## Task inputs
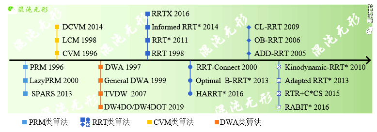 圖規(guī)劃算法與空間采樣算法已經(jīng)能夠在諸多場景下的規(guī)劃生成一條無碰撞路徑,實時性和動態(tài)適應(yīng)性逐漸提升,但多數(shù)算法仍存在路徑質(zhì)量差、未考慮動力學約束等問題。
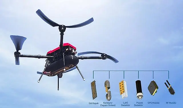 İHA’dan bağımsız olarak da kullanılabilen ve yaklaşık 5 kg ağırlığında olan modüler yapıdaki radyasyon izleme sistemi iki farklı dedektör barındırmaktadır. İlk dedektör yaklaşık 11 cm x 5,5 cm x 35 cm (2.117,5 cm3) boyutlarında 2,5 kg ağırlığında olan plastik sintilasyon dedektörü ve fotoçoğaltıcı tüpten (PMT) oluşmaktadır. İkinci dedektör ise 10 adet, 1 cm çapında ve 4 mm kalınlığındaki yeni nesil LaYO seramik sintilatörlü fotodiyot tabanlı bir dedektördür.
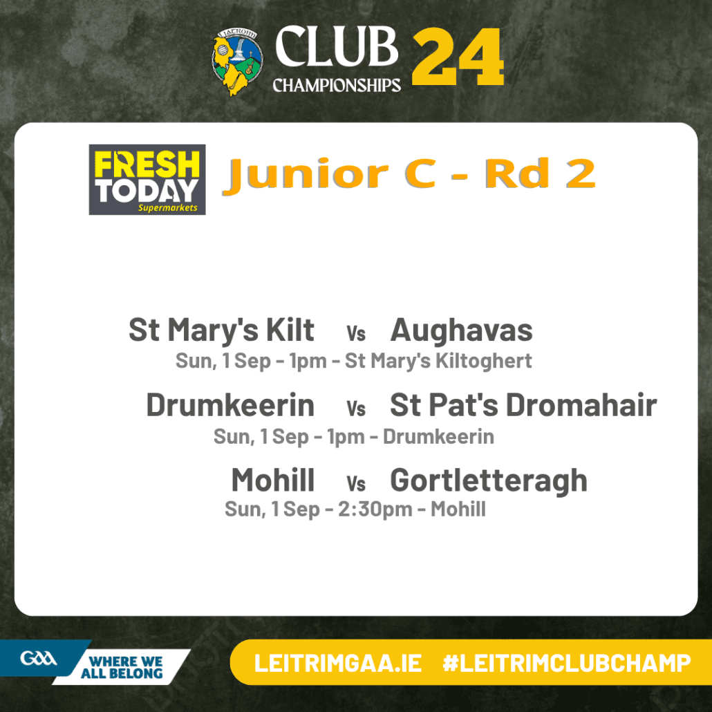 The remaining fixture details for the Fresh Today Junior C – Round 2 has been released and is as follows:
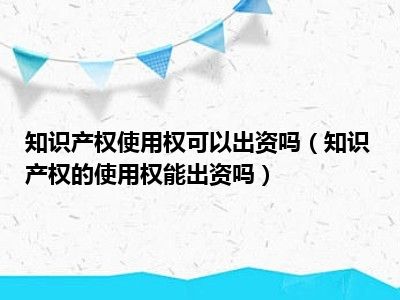 目前大家应该是对知识产权的使用权能出资吗比较感兴趣的,所以今天CC就来为大家整理了一些关于知识产权的使用权能出资吗方面的相关知识来分享给大家,希望大家会喜欢哦。
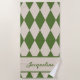 Personalised Diamond Chequered Green + Beige Beach Towel
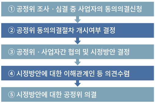 이와 같이 이해관계인 등의 의견수렴 과정이 끝난 시정방안은 공정거래위원회 전원회의 또는 소회의에 상정되게 되고, 이후 시정방안을 심의ㆍ의결을 거쳐 동의의결을 하게 됩니다(⑤). 만약 각 회의에서 시정방안이 승인되지 않을 경우 통상의 시정조치 절차가 재개됩니다.
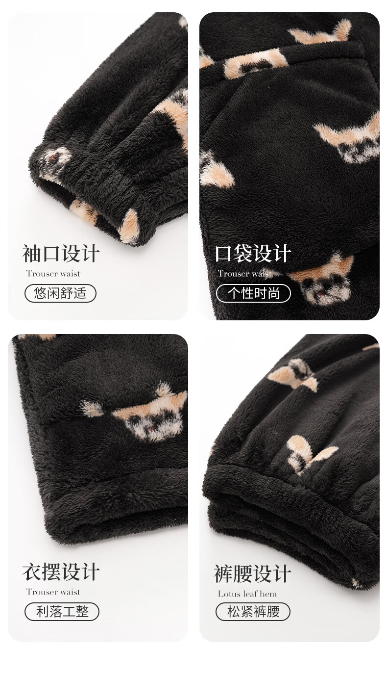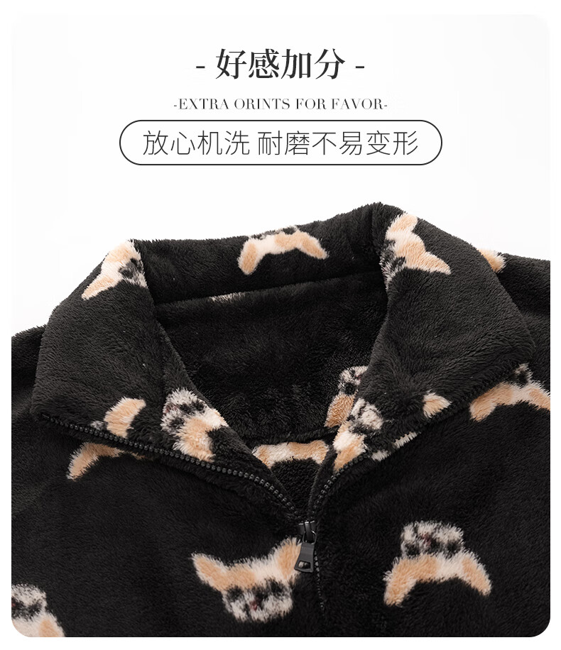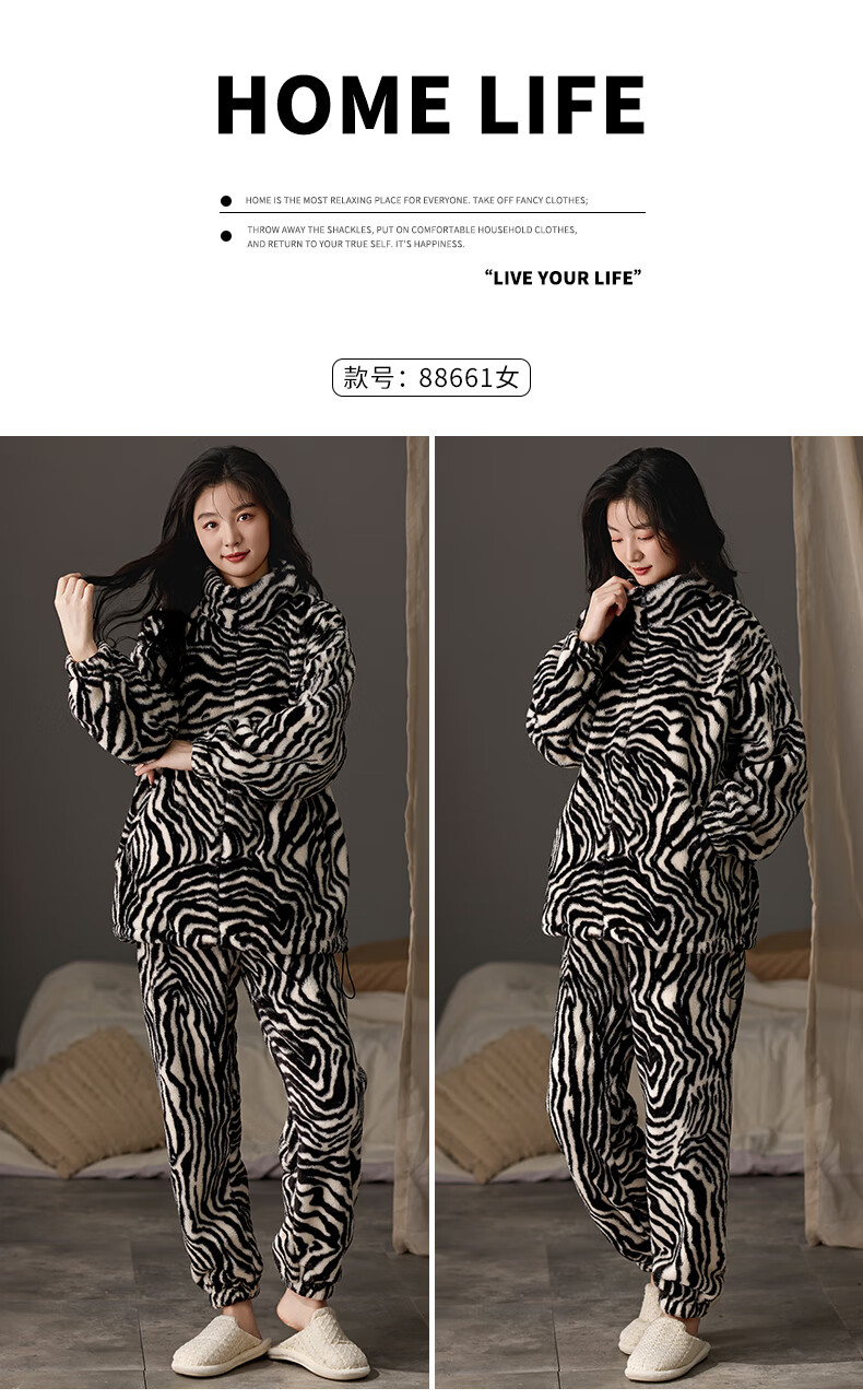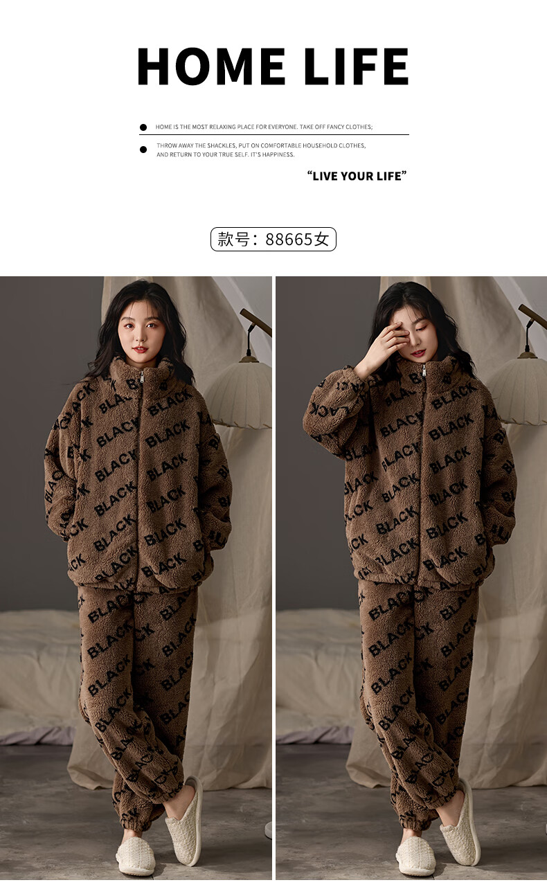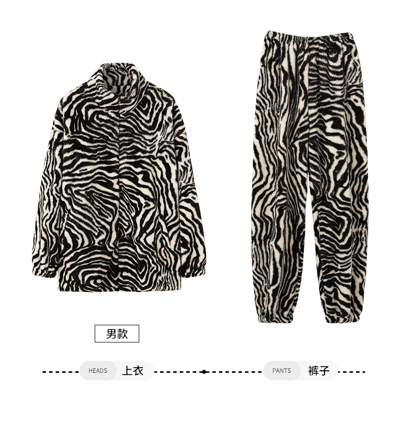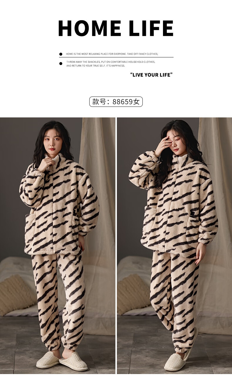LangSha couple pajamas for winter, one man and one woman, warm flannel thickened cardigan, casual and can be worn outside, autumn and winter home clothes, female 88659 + male 88660 M female + L male

## Exercise instructions
Reproduce, without alteration and without pictures, only those lines that lie between the first line of the entries above and the line containing "Personalised Diamond Chequered", both of them included.

## Written solution
 圖規(guī)劃算法與空間采樣算法已經(jīng)能夠在諸多場景下的規(guī)劃生成一條無碰撞路徑,實時性和動態(tài)適應(yīng)性逐漸提升,但多數(shù)算法仍存在路徑質(zhì)量差、未考慮動力學約束等問題。
 İHA’dan bağımsız olarak da kullanılabilen ve yaklaşık 5 kg ağırlığında olan modüler yapıdaki radyasyon izleme sistemi iki farklı dedektör barındırmaktadır. İlk dedektör yaklaşık 11 cm x 5,5 cm x 35 cm (2.117,5 cm3) boyutlarında 2,5 kg ağırlığında olan plastik sintilasyon dedektörü ve fotoçoğaltıcı tüpten (PMT) oluşmaktadır. İkinci dedektör ise 10 adet, 1 cm çapında ve 4 mm kalınlığındaki yeni nesil LaYO seramik sintilatörlü fotodiyot tabanlı bir dedektördür.
 The remaining fixture details for the Fresh Today Junior C – Round 2 has been released and is as follows:
 目前大家应该是对知识产权的使用权能出资吗比较感兴趣的,所以今天CC就来为大家整理了一些关于知识产权的使用权能出资吗方面的相关知识来分享给大家,希望大家会喜欢哦。
 Personalised Diamond Chequered Green + Beige Beach Towel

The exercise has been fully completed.